Editor’s Note: Since this review, Kata has refreshed the DR series bags. The bag that has replaced the DR-466i is the DR 466-DL, which we reviewed more recently. As the DR-466i is being phased out, I would encourage you to read our review of the DR 466-DL.
Kata, founded in 1992, is a sister company to some of the most well-known photography product manfacturers in the world including Bogen, Manfrotto, Gitzo and more. Like it’s sister companies, Kata is known for making innovative products with a quality of work unprecedented in their field. Owners of their bags are constantly raving about their products, and Kata’s reputation is unmatched. So when the new DR-466i, the DR-465i and the DR-467i rucksacks came to our attention, we had to check them out and share our findings with you. Kata was kind enough to provide a DR-466i for our evaluation. So for the last two weeks, I’ve been using this bag as my primary means of camera transport.
The DR-466i is the mid-sized model; the DR-465i being the the smaller sibling and the DR-467i is the larger of the three. These three models are all improved versions of their predecessors, the DR-465, DR-466 and DR-467 (note the lack of the ‘i’). There are two significant difference between the predecessors and the ‘i’ series: A strap for a small field tripod and a removable divider in the bottom pocket.
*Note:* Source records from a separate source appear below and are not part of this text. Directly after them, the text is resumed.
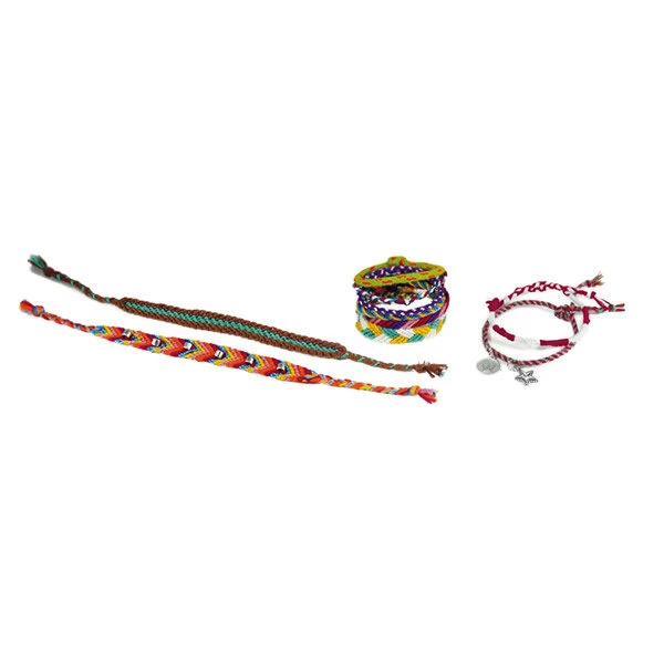 - Inhoud: 10 kleuren katoenen draad, 16 bedels, 2 ringen, een zuignap en een in kleur geïllustreerde gebruiksaanwijzing in 6 talen (Nederlands, Duits, Engels, Frans en Italiaans)
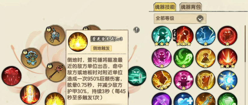 魂器技能并非孤立生效,其属性类型(如攻击加成、暴击强化、冷却缩减、防御提升、生存续航等)需与所选魂器套装形成协同效应。推荐优先采用同系列或机制互补的技能组合,以触发连携效果,提升实战容错率与连招稳定性。
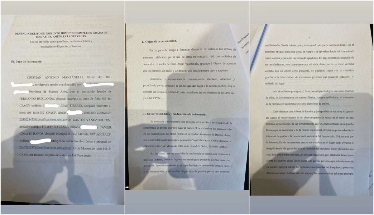 De esta manera, según se indica en el documento, con el patrocinio de Fernando Burlando, Manzanelli presentó una denuncia por los delitos de “amenazas calificadas por el uso de arma en concurso real con tentativa de homicidio en contra de Elian Ángel Valenzuela”.
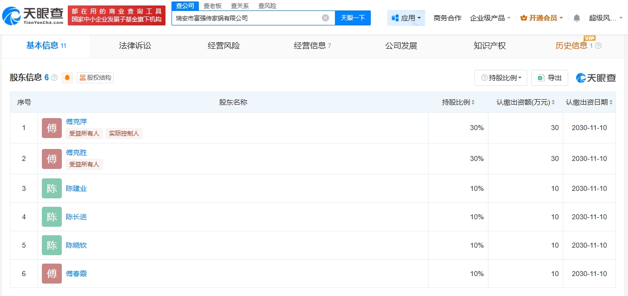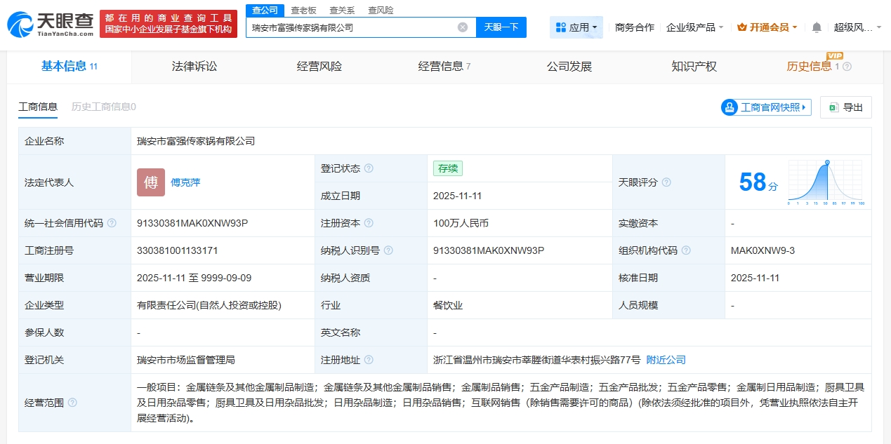 天眼查App显示,近日,瑞安市富强传家锅有限公司成立,法定代表人为传家锅老板傅克萍,注册资本100万人民币,经营范围包括金属制日用品制造、厨具卫具及日用杂品零售、厨具卫具及日用杂品批发等。股东信息显示,该公司由傅克萍、傅克胜等共同持股。
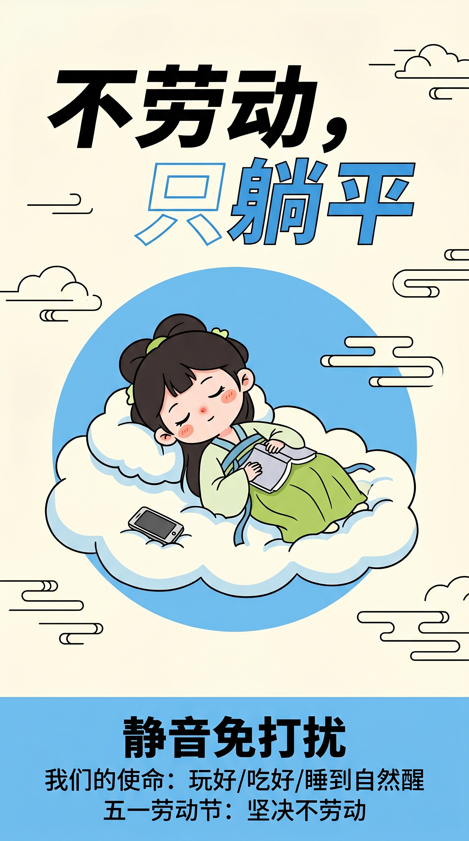 提示词简介: 这张海报采取了截然不同的“反向营销”策略。它精准捕捉了现代劳动者在节假日渴求彻底休息的心理,以Q版古风人物悠闲“躺平”为主题,色彩清凉通透,文案幽默贴心,是一款极具社交属性的节日海报。

I will discuss each of these features in greater detail below. Otherwise, all versions and sizes have a camera (main) compartment for camera gear and an upper compartment for accessories and other items. Except for the DR-465 and the DR-465i, each bag also contains a laptop compartment between the back plate and the two compartments to house and protect a small laptop. Here are some basic dimensions for each bag (upper compartment not included):
|Bag||External Dimensions(W x D x H)||Camera (Main) Compartment(W x D x H)||Laptop Compartment(W x D x H)|
|DR-465 / DR-465i||13.4″ x 6.3″ x 16.9″||13″ x 5.9″ x 7.9″||(no laptop compartment)|
|DR-466 / DR-466i||13.4″ x 9.3″ x 16.9″||13″ x 5.9″ x 7.5″||9.4″ x 1.8″ x 14.2″|
|DR-467 / DR-467i||13.4″ x 8.3″ x 17.7″||13″ x 5.9″ x 7.5″||12.2″ x 1.8″ x 15.4″|
Packing the Bag
Considering the outside dimensions of this bag, one would not expect to be able to fit as much as I could. The photo at left shows everything I was able to fit into the bag (sorry for the image quality – this shot wasn’t taken with my camera, nor do I claim to be a studio photographer). The camera compartment contains padded dividers that can be repositioned to accommodate your equipment. On the improved models (the ‘i’ models), the padded insert can be removed from the bag. While in the bag, the insert is held in place by Velcro. The partition between the upper and lower sections of the bag can be zipped open so that the bag can be used as a standard backpack – a nice feature for some, but one that I expect I would never use. In the camera compartment, I was able to fit my D-SLR (A Nikon D80) with a mounted (or unmounted) 185mm zoom lens and two additional lenses (50mm prime and a 185mm prime). The 185mm zoom lens is probably close to the upper size limit for a mounted lens in this bag. This bag isn’t designed for cameras with a larger lenses mounted. There is, of course, plenty of room left for a flash, or even a few more lenses. Since I don’t own a flash or more lenses, I used the extra space to store the rain-cover (included with all models). Note that there are plenty of other places I could keep the rain cover. Though I did not carry it with me, I was also able to fit in my Nikon N2000 35mm film camera with its own 50mm lens, mounted.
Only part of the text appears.